A Hyderabad accountant transferred ₹1.2 crore in 2026 to a WhatsApp number that looked like her director. The display photo matched. The name matched. The instructions sounded urgent and reasonable. The fraud surfaced 4 days later, and by then the bank account on the receiving side had already been used for 4 other scams. If you work in finance, accounts, or operations at any Indian company, this is the scam most likely to hit you next.
Who this is for
Finance staff, accountants, executive assistants, junior managers, HR teams, and anyone authorised to move company money or send sensitive information. Founders and directors should also read this and forward it to their teams. The scam works on careful, experienced people. It is engineered to bypass professional skepticism, not technical skill.

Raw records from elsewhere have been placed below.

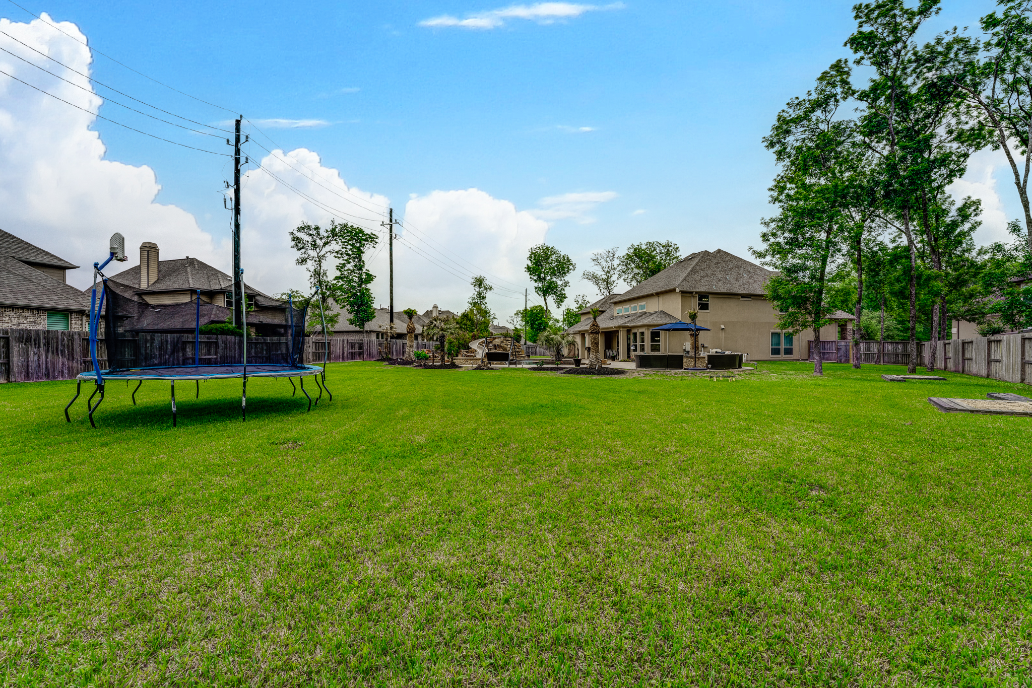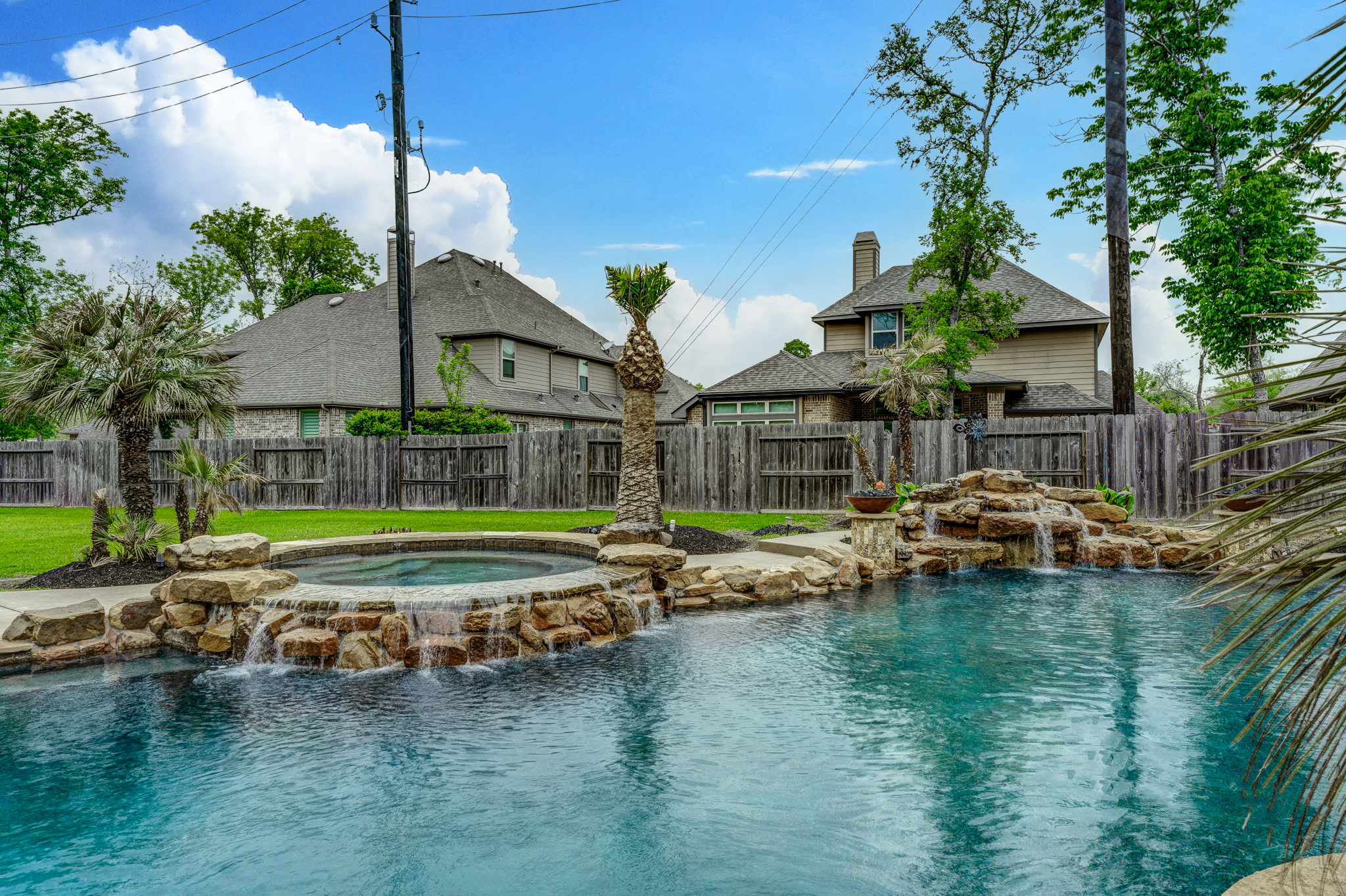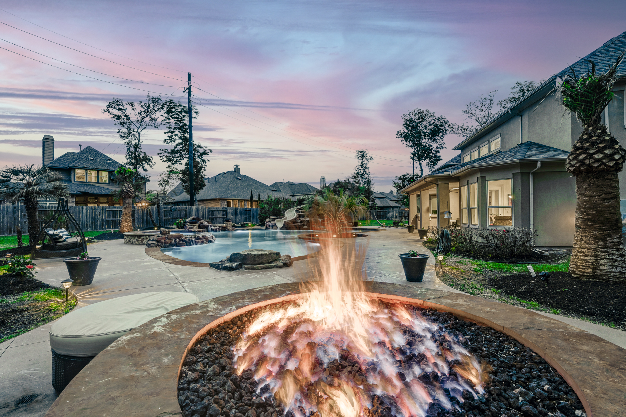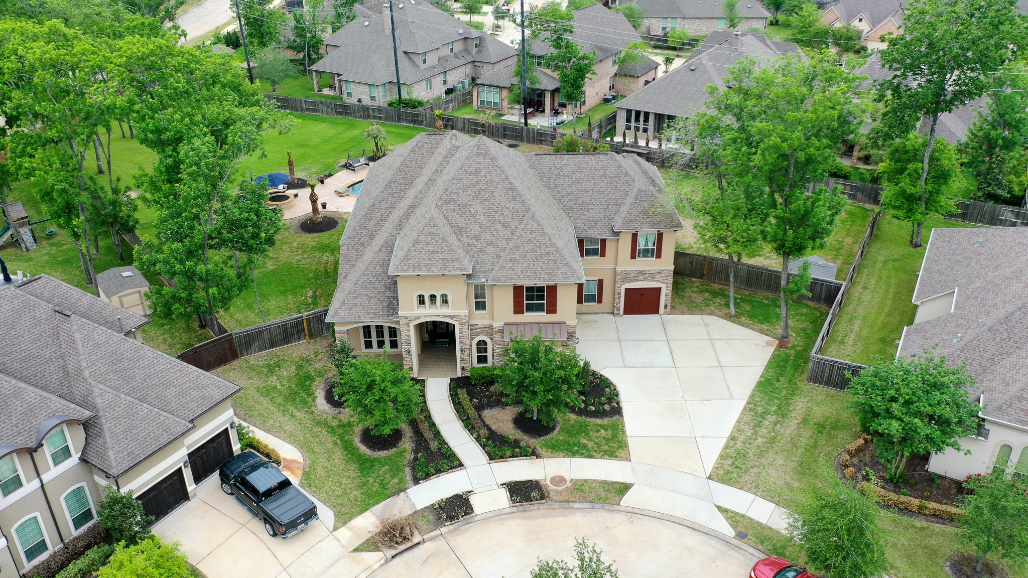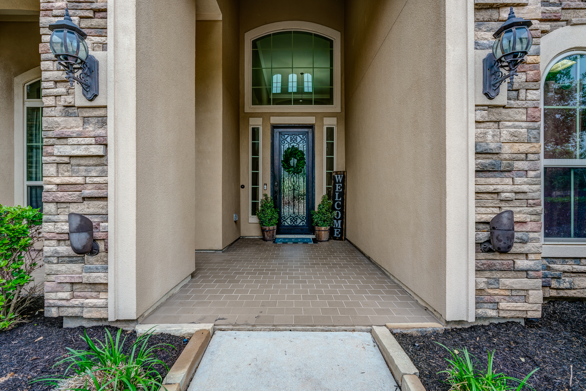 Breathtaking 6-bed, 4.5-bath property by J. Patrick Homes on graciously proportioned cul-de-sac lot across from nature area in Sienna Plantation. 107-yd wide backyard tropical retreat featuring a covered patio, outdoor kitchen, pool with rock waterfall and slide, spa, firepit, and ample green space. Other features include grand 2-story foyer, wrought iron spindles, built-ins and granite countertops throughout, study with French doors and coffered ceiling, formal dining room, spacious living area with wood beam ceiling, floor-to-ceiling stone fireplace, and large glass doors leading out to the backyard, game room, media room, and 2-car side swing-in garage plus a 1-car garage. The gourmet kitchen boasts a stainless steel farmhouse sink, walk-in pantry, butler’s pantry with wine fridge, and top-of-the-line appliances, including Thermador 6-burner gas cooktop with griddle and a double oven. The primary suite boasts a walk-in closet, separate vanities, jetted tub, and frameless shower.
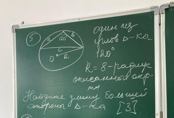 Один из углов треугольника 120°. R=8-радиус описанной окружности. Найдите длину большой стороны треугольника.
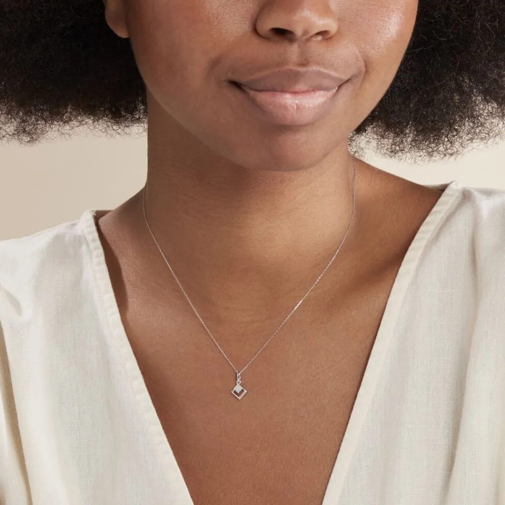 Collier Or Blanc 375/1000 Forme Losange Ajoure + Semi Pavage Diamants 42cm
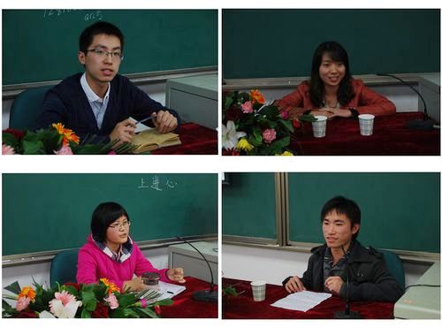10月21日晚,学院在8T06教室举办学习经验交流会,校研究生会主席陈龙、三年国家奖学金获得者张文参、优秀英语学习学生梁畅、国家级大学生创新实验项目主持人杜修进为2012级同学现身说法,交流大学学习经验。
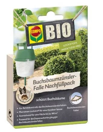 COMPO BIO Buchsbaumzünsler Falle Nachfüllpack für die Compo Buchsbaumzünsler Falle. Der Nachfüllpack bekämpft effektiv den Buchsbaumzünslerfalter mit natürlichen Pheromonen. Der männliche Buchsbaumzünslerfalter wird durch den Sexuallockstoff in die Falle gelockt und kann nicht mehr aus dem Behälter heraus, dadurch bleiben die weiblichen Falter unbegattet und legen keine befruchteten Eier mehr ab. Dieser Nachfüllpack ist ausreichend für eine komplette Gartensaison (Pheromon wirkt von März bis Oktober) und schirmt eine Fläche von bis zu 180 m² ab. Es wird völlig insektizidfrei gearbeitet und ist dadurch auch für Kinder, Haustiere und nützliche Insekten wie Bienen und Hummeln unbedenklich. Die Pheromon-Dispenser passen auch in andere Dispenserkörbe der gängigen Buchsbaumzünsler-Fallen.
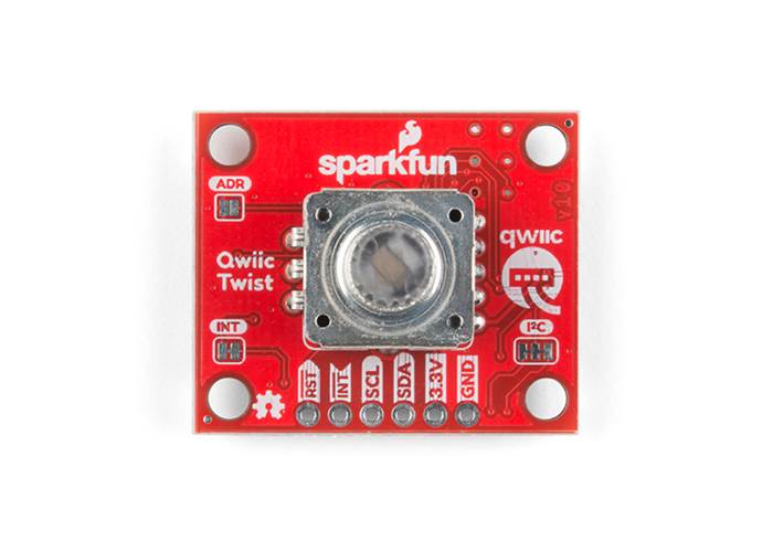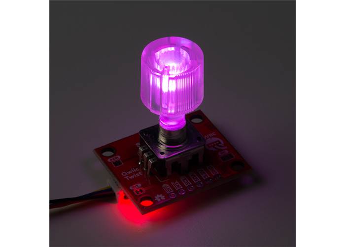 We designed Qwiic Twist with an indent encoder which gives the user a great 'clicky' feel. Additionally, the encoder has a built in button so the user can select an GUI menu or element by pressing down on the it. The Qwiic Twist uses a 6mm shaft and works great with our Clear Plastic Knob listed in the Hookup Accessories below or any other 6mm knob.
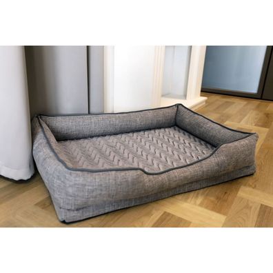 • Hundebett Gr. L Grau Haustier Plüsch Kissen Korb Schlafplatz Liegefläche Sofa

What happened in Hyderabad
In early 2026, an accountant at a Hyderabad company received a WhatsApp message from an unknown Indian mobile number. The profile photo was her company director. The display name was the director’s full name. The first message was casual, then quickly turned into a business instruction: an urgent vendor payment had to go out, the director was tied up in a meeting, and the staff member should process the transfer right away.
Over a sequence of messages, the accountant initiated transfers totalling ₹1.2 crore to bank accounts the scammer provided. She did what most loyal employees do when the boss asks for something urgent. She acted.
The fraud surfaced 4 days later when the actual director was asked about the payments. By then, the receiving bank account had been frozen by a separate complaint. Investigators learned the same mule account had been used in 4 other similar scams across different Indian cities in the weeks before. The pattern was industrial, not opportunistic.
The case was reported by Telangana Today and Newsmeter in their crime reporting through 2026. Variants of the same scam have hit companies in Bengaluru, Mumbai, Chennai, Pune, and Delhi NCR through 2024 and 2025, with losses ranging from ₹40,000 to multiple crores per incident.
How the scam actually works
There is no hacking involved. Nothing technical broke. The scam works because three things are easy to find and one thing is easy to assume.
Three easy-to-find things:
- The director’s photo, usually from LinkedIn, the company About Us page, news mentions, or speaker pages.
- The director’s full name and exact title.
- The names and rough roles of finance or operations staff, again from LinkedIn or the company website.
One easy-to-assume thing:
That a WhatsApp message bearing the boss’s photo and name is from the boss.
The scammer combines these. They buy or rent an Indian SIM card, create a new WhatsApp account, set the display name as the director’s full name, upload the director’s LinkedIn photo, and message the target staff member. The phone number is new and unknown, but the profile feels familiar. That is the entire trick.
The 5-step script
The pattern repeats across cases reported through 2024, 2025, and 2026.
- The opener. A polite first message from an unknown number. “Hi, this is [Director Name]. I changed my number. Please save this.” Sometimes a casual question first: “Are you in office?” or “Free for a quick task?”
- The pretext. The director is in a meeting, on a flight, with an investor, in a hospital, or otherwise unable to take calls. This is the reason given for using WhatsApp instead of calling.
- The instruction. A vendor payment, a client refund, a statutory deposit, a personal urgent transfer that the director will reimburse later. Amounts vary from ₹50,000 in tests to over ₹1 crore in mature attacks.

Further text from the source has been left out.